Throughout his career with Chivas, he was known for his great touch, ball possession, leadership abilities and field vision, often being the protagonist of caring many goals. Later on, he was a part of the winning squad that won the 1969–70 Mexican Primera División, the 1969–70 Copa México and the 1969–70 Campeón de Campeones. He prematurely retired following the 1973–74 season.

==International career==
Onofre had first represented Mexico for the 1967 Pan American Games, contributing to the club winning gold. He went on to make several further appearances throughout the late 1960s in various friendlies.

By the beginning of the 1970s, Onofre had developed a reputation for being one of the best players to represent Mexico and was called up to represent El Tricolor for the 1970 FIFA World Cup that was hosted in his native Mexico.

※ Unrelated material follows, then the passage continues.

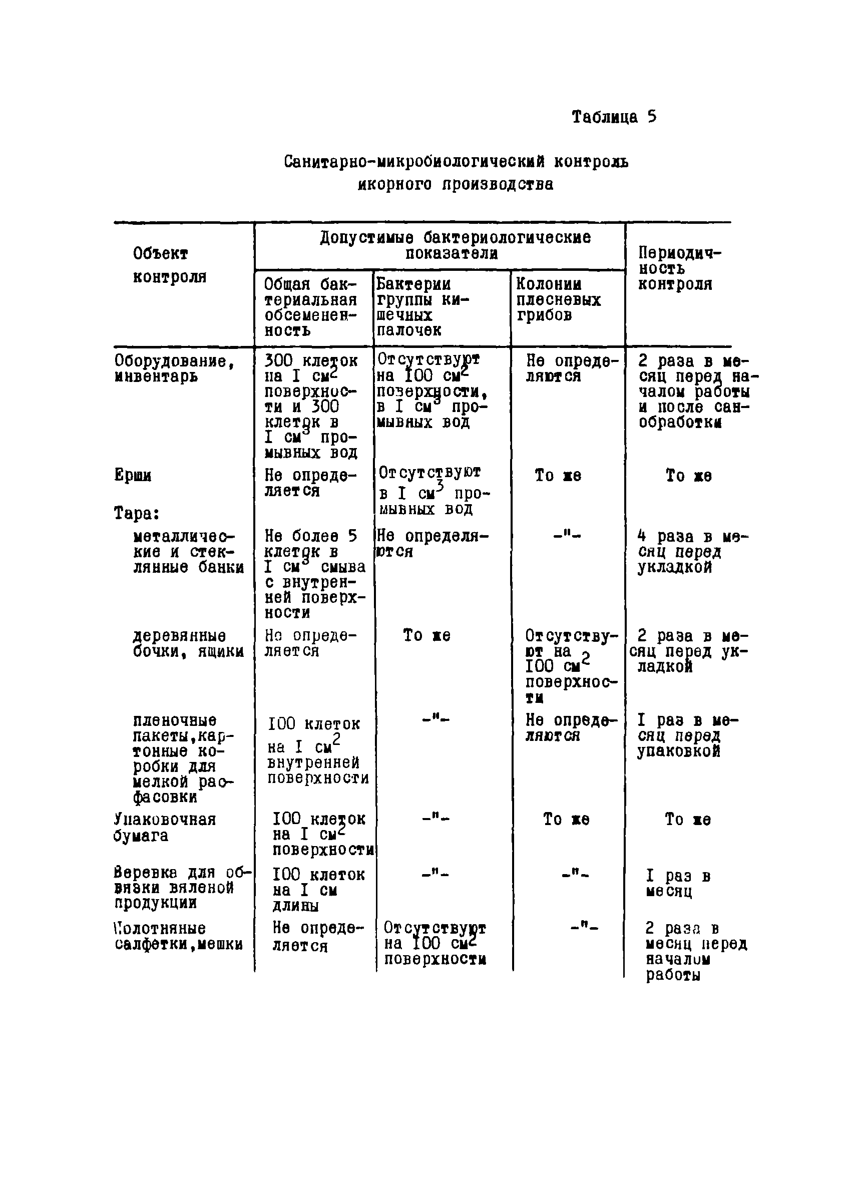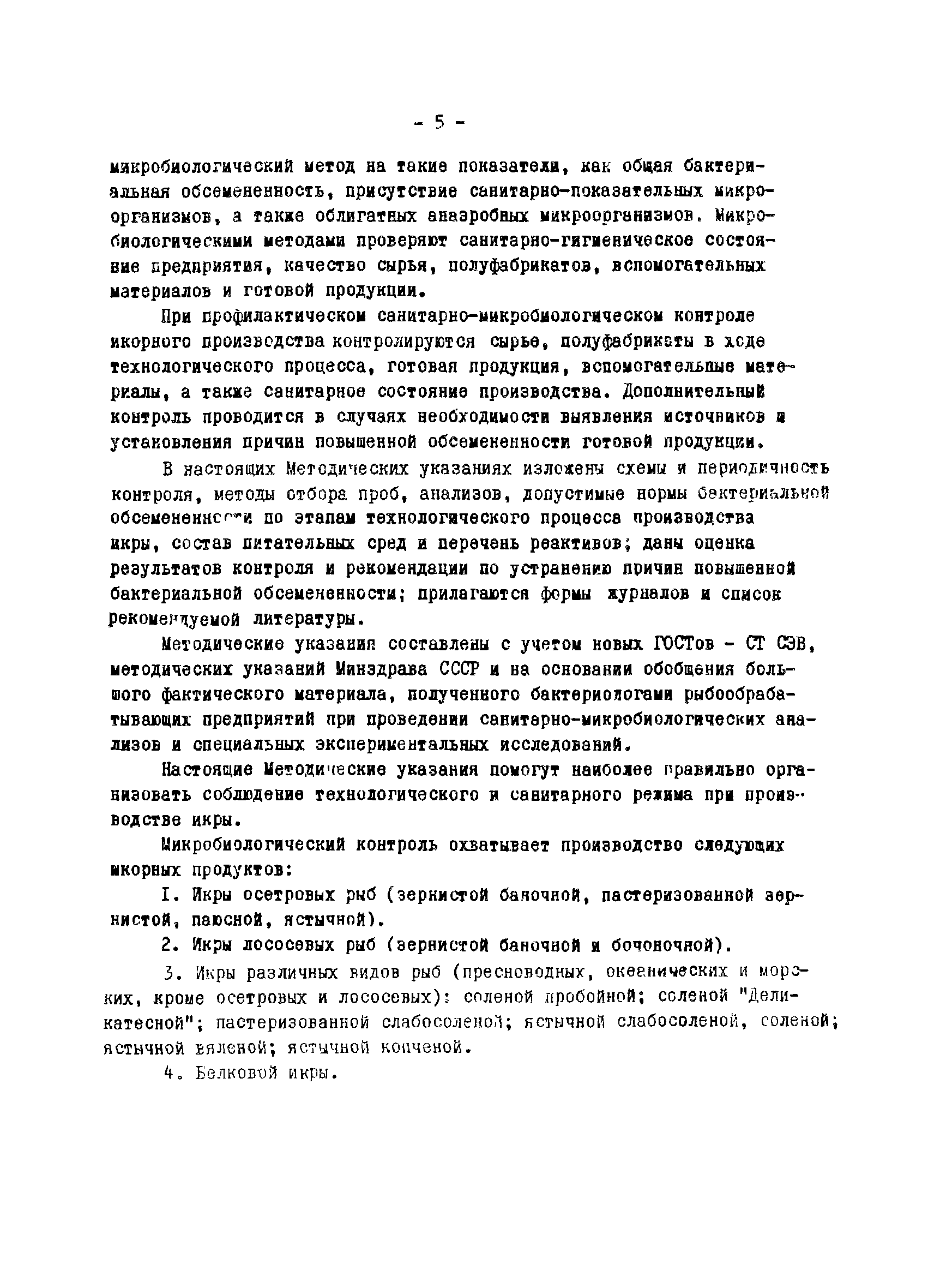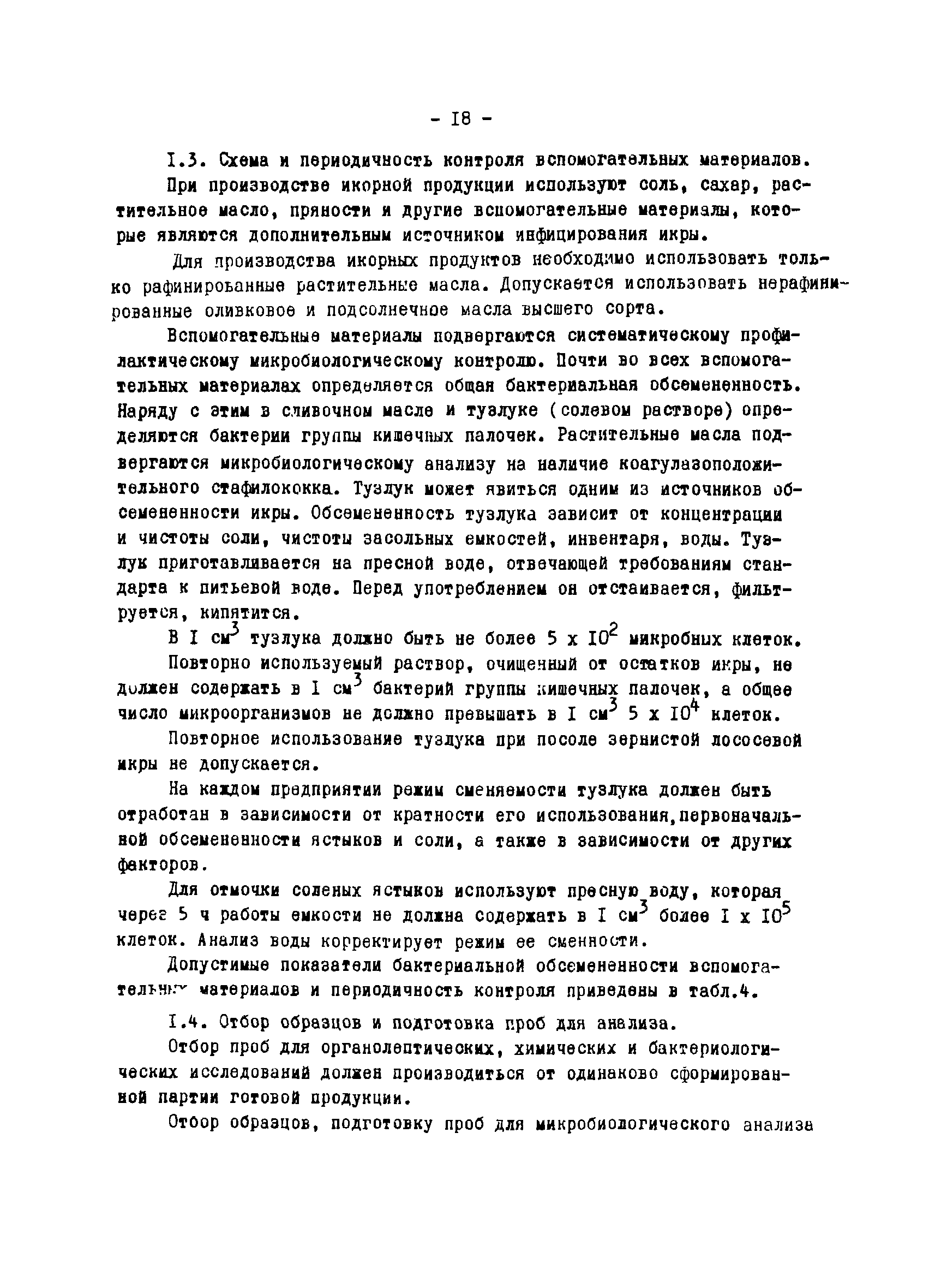 | Область применения: | Методические указания по санитарно-микробиологическому контролю икорного производства предназначены для работников производственных лабораторий, центральных лабораторий проектно-конструкторских и технических бюро всесоюзных рыбопромышленных объединений, учреждений санэпидслужбы, осуществляющих санитарно-микробиологический контроль икорного производства |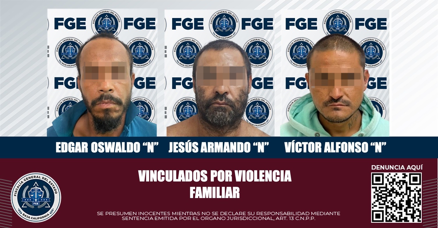 MEXICALI, B.C. Tres hombres fueron vinculados a proceso, por su presunta participación en el delito de violencia familiar, con base al trabajo realizado por la Fiscalía Regional de Mexicali, a través de la Unidades de Investigación con Detenidos Oriente y Foránea de Guadalupe Victoria.

Despite already being fully called up however, four days before the opening game of the tournament, he suffered a severe injury after colliding with defender Juan Manuel Alejándrez resulting in a fracture in his tibia and would never fully recover from this injury as his plans to play abroad in Spain had to be put on hold. Following this incident, he was substituted with Marcos Rivas of Atlante as Mexico went on to initially succeed in the group stage but then to lose in the knockout stage.